Tubular Drag Conveyors: Cable vs Chain Systems

by | Apr 11, 2022 | Conveyor Thoughts, Conveyors

Although similar in functionality for food processors, tubular chain and cable disc drag conveyors have distinct differences in components and operation.

A closer look at these systems will help food manufacturers better understand which system would best support their dry food processing requirements.

What are tubular drag conveyors?

Tubular drag conveyors are mechanically driven conveyors that drag material along the inside of a tube. They are designed to transfer flowable bulk materials from in-feed points to discharge points through an enclosed conduit. Using either a cable or a chain, with close-running discs spaced along its length, the ends of the tubular drag conveyor are connected to form an endless loop, which is pulled by a motor-driven sprocket within an enclosed tube.
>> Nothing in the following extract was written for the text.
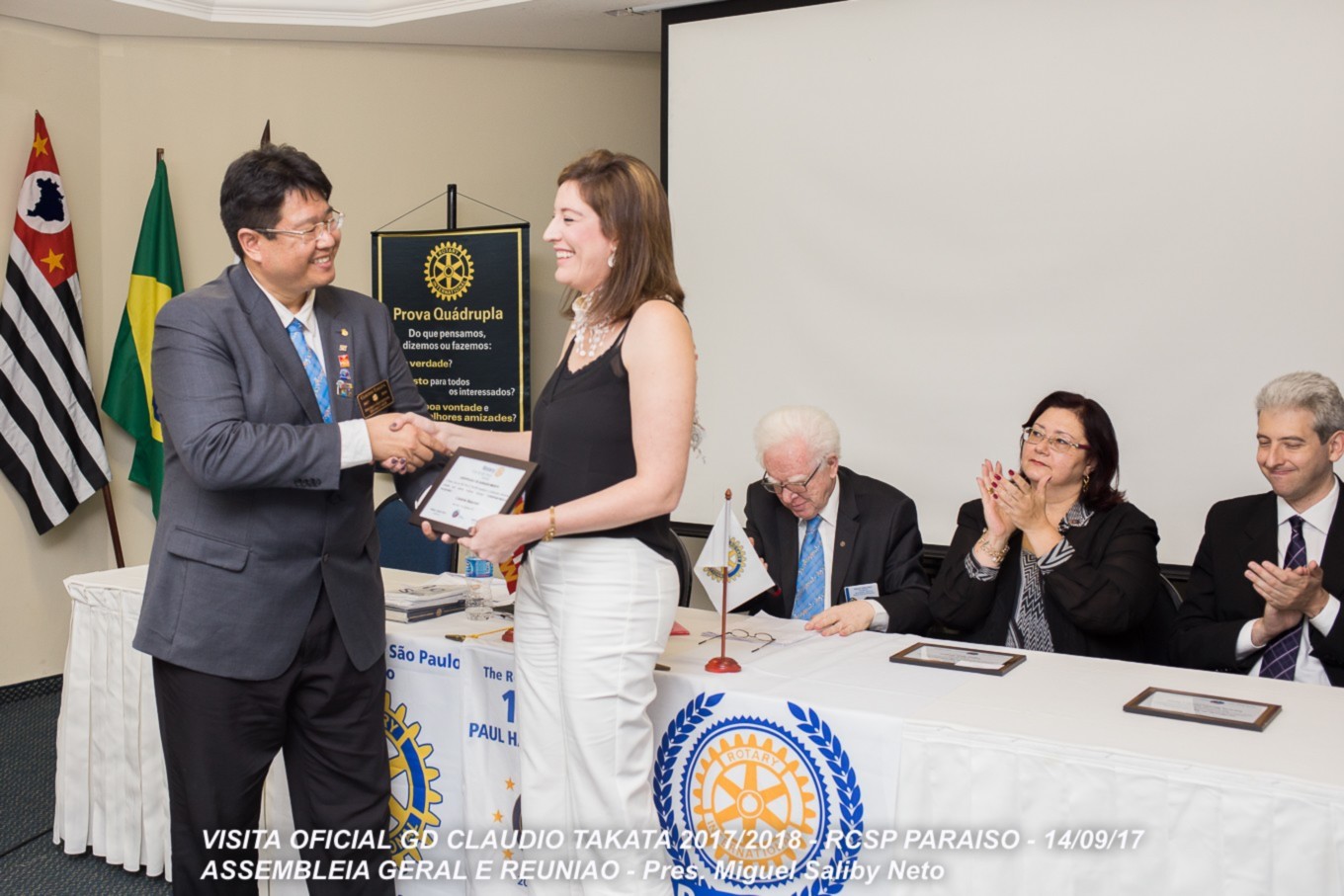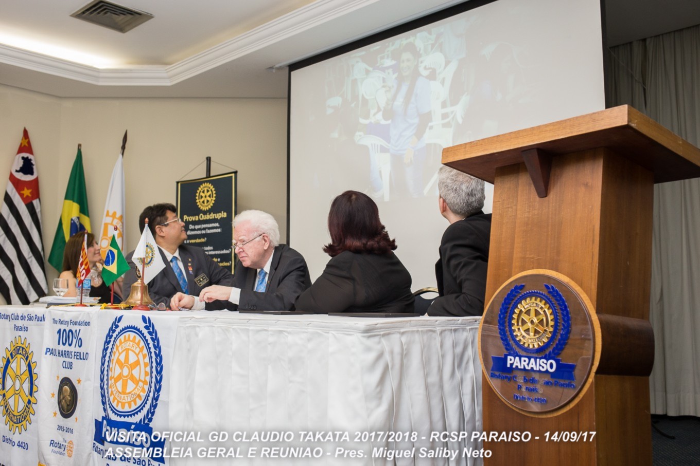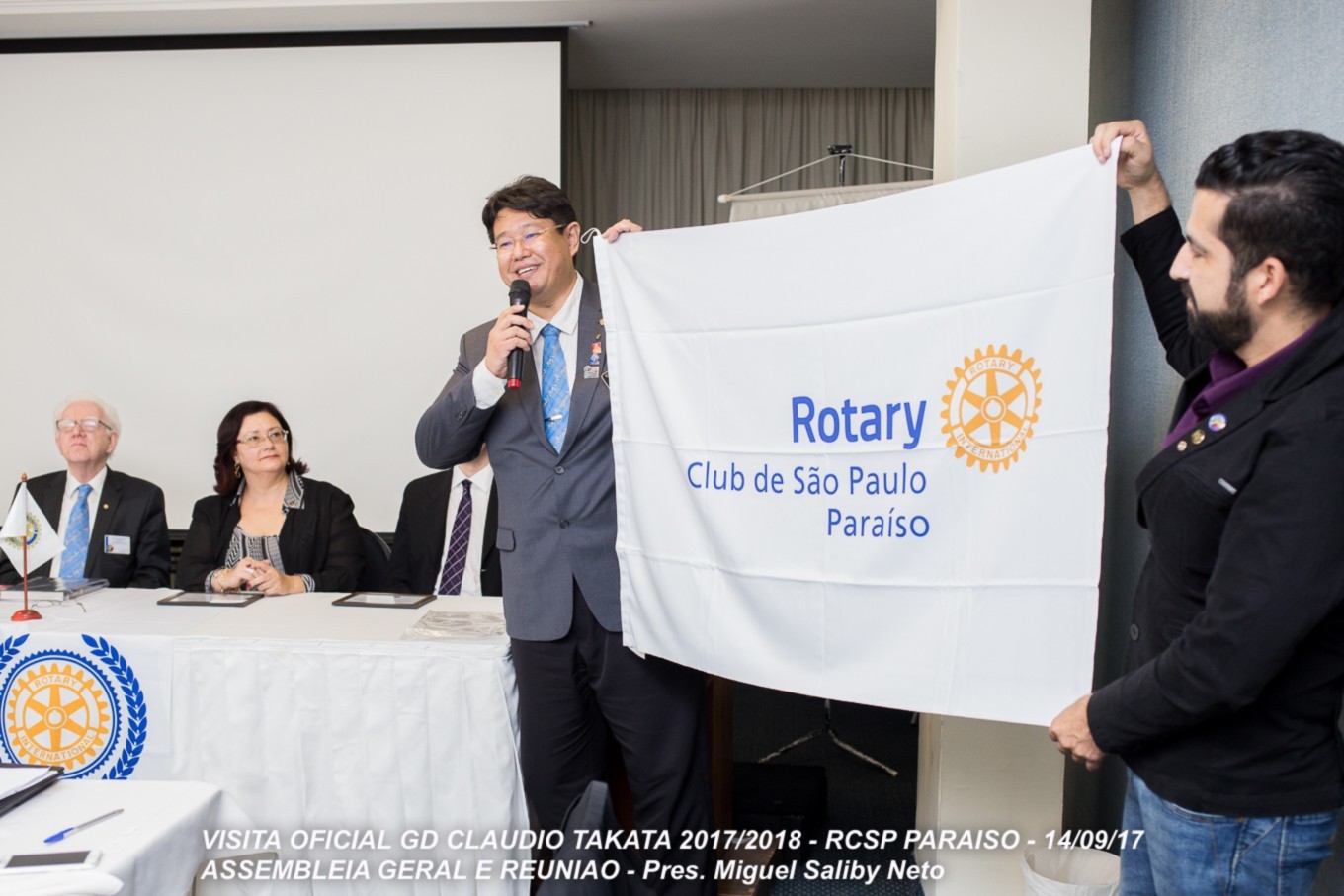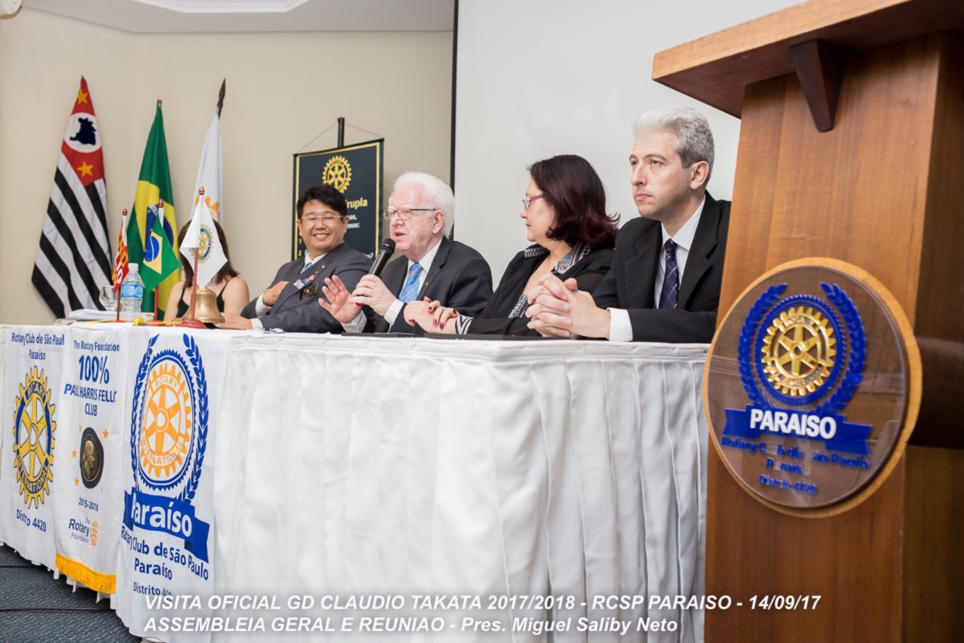 No dia 14 de setembro, o Rotary Club São Paulo Paraíso recebeu a visita oficial do governador do Distrito 4420, Claudio Takata e sua esposa Marie. A festiva foi realizada no Hotel Century Paulista, em São Paulo. O evento reuniu autoridades rotárias, membros da equipe distrital, familiares e amigos.

Bends facilitate changes in direction in the tubing or by corner housings for tighter turns. Discharge of the product is achieved through outlet boxes and discharge funnels.

Tubular drag conveyors are flexible and designed for versatility in gentle material handling operations. Modular components allow changes in conveyor routing, length and the number, and position of inlets and outlets. They can move material vertically, horizontally, around corners, and at an angle.

Chain And Disc Conveyors

Tubular drag chain conveyors gently move food products through a sealed tube with a drag chain pulled through it on a loop. Solid circular discs (flights), which push the food through the tube, are attached to the chain.

Two types of chains can be used in tubular chain conveyors, link chain and roller chain.

The link chain can act as a universal joint during the movement of the product in the tube, which enables a single conveyor to achieve directional changes in multiple planes.

A roller chain, consisting of interconnected plates held in place with pins and bushings, is capable of one-dimensional movement. Both chains are typically manufactured from type 316 stainless steel, rated for acid and corrosion resistance, but carbon steel is also an option.

Because chains exhibit friction at points of direct contact, most noticeably at system start-up, and particularly in food processing applications where lubricants are not being used, wear can occur at these contact points throughout the length of the chain.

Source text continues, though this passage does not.